Nah, I've never met an SLE I didn't like. It's the sociopathic ILEs that I wanted to strangle though. So f**king narcissistic in a way that I really *do not* like.



> You Fi-egos. >.<


You know your Role. Mine is Se. :bored:


----------



## d e c a d e n t

MNiS said:


> Strengthened Se and Ne are known as Creative types because Pe is the creative function as what society deems to be creative. SEE, SLE, IEE, ILE are all super creative within their respective domains. LII, EII, LSI, ESI; to a lesser extent.
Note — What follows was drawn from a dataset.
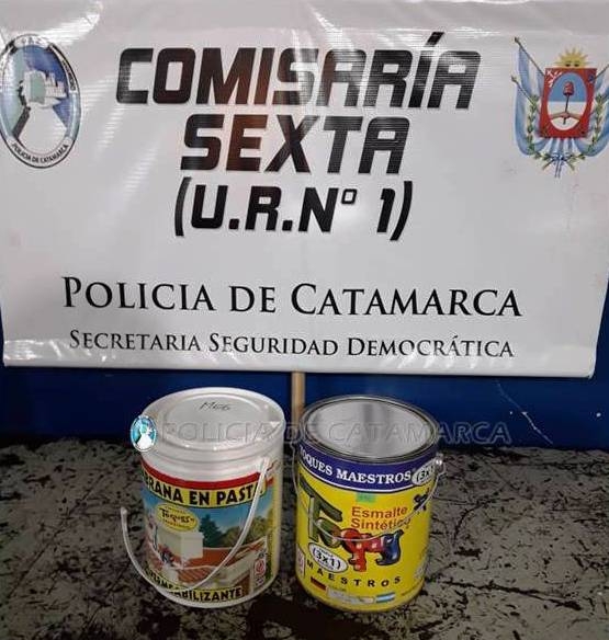 En la huida, dejaron abandonados en el lugar un tacho de pintura sintética de 4 litros y un tacho de membrana líquida de 4 litros, ambos marca “Toques”, que quedaron en calidad de secuestro hasta determinar su legítima propiedad y procedencia.

Yeah ok, I'm probably not a Creative type according to this then. =P


----------



## MNiS

Kink said:


> Yeah ok, I'm probably not a Creative type according to this then. =P


You seem very much like a Normalizing type. -_____-


----------



## d e c a d e n t

MNiS said:


> You seem very much like a Normalizing type. -_____-


Lol! Is that so? Guess I should look into that then. =P Anything specific that gives you the impression?


----------



## MNiS

Kink said:


> Lol! Is that so? Guess I should look into that then. =P Anything specific that gives you the impression?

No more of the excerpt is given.